Action item> Below are entries. Reproduce exactly the lines between the line holding "Une druse améthyste" and the line holding "etiqueta BOKWUS CUTTERS", inclusive, and only those.

═════ Data supplied ═════

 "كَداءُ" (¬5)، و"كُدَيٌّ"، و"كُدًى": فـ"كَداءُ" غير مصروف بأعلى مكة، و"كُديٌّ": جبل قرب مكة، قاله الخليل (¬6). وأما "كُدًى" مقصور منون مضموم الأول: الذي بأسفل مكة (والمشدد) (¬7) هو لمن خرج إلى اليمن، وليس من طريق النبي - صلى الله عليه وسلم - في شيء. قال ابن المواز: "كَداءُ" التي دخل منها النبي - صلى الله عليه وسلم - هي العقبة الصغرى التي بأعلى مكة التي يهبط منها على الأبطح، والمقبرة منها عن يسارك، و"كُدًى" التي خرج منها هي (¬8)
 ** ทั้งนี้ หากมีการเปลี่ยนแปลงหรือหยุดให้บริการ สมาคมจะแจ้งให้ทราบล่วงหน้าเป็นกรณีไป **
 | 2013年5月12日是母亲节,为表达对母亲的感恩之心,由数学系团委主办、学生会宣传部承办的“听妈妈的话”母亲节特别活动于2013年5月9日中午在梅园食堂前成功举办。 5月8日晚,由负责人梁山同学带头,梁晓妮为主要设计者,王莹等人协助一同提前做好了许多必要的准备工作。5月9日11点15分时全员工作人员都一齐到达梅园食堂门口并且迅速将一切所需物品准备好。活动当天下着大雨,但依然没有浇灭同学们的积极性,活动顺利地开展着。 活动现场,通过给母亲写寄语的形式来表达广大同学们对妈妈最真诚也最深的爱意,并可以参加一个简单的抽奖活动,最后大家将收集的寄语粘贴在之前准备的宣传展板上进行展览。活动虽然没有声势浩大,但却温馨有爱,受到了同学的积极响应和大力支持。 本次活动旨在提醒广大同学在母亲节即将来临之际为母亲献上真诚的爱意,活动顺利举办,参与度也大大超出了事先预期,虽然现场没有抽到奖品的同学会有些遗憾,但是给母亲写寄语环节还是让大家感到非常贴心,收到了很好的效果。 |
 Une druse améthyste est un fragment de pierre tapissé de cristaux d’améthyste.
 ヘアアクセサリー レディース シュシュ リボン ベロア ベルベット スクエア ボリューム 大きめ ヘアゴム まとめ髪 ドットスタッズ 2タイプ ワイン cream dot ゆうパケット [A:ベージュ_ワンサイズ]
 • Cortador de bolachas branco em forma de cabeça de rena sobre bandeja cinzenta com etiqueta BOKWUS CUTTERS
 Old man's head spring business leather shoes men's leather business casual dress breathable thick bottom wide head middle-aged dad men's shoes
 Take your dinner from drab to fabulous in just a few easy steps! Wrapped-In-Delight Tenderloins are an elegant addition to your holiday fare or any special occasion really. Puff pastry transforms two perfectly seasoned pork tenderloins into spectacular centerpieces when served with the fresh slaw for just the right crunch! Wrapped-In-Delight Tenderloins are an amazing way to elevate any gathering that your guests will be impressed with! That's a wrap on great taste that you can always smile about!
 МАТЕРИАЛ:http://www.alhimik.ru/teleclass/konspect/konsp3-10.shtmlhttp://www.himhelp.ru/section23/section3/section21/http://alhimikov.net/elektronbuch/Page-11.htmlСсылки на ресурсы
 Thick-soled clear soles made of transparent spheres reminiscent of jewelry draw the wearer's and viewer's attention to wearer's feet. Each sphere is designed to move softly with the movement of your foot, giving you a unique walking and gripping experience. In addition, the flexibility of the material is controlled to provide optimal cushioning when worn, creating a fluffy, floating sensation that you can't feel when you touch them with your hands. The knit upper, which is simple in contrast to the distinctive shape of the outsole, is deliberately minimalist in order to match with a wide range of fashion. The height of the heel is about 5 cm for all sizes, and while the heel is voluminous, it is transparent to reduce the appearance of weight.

═════

Exercise answer>
 Une druse améthyste est un fragment de pierre tapissé de cristaux d’améthyste.
 ヘアアクセサリー レディース シュシュ リボン ベロア ベルベット スクエア ボリューム 大きめ ヘアゴム まとめ髪 ドットスタッズ 2タイプ ワイン cream dot ゆうパケット [A:ベージュ_ワンサイズ]
 • Cortador de bolachas branco em forma de cabeça de rena sobre bandeja cinzenta com etiqueta BOKWUS CUTTERS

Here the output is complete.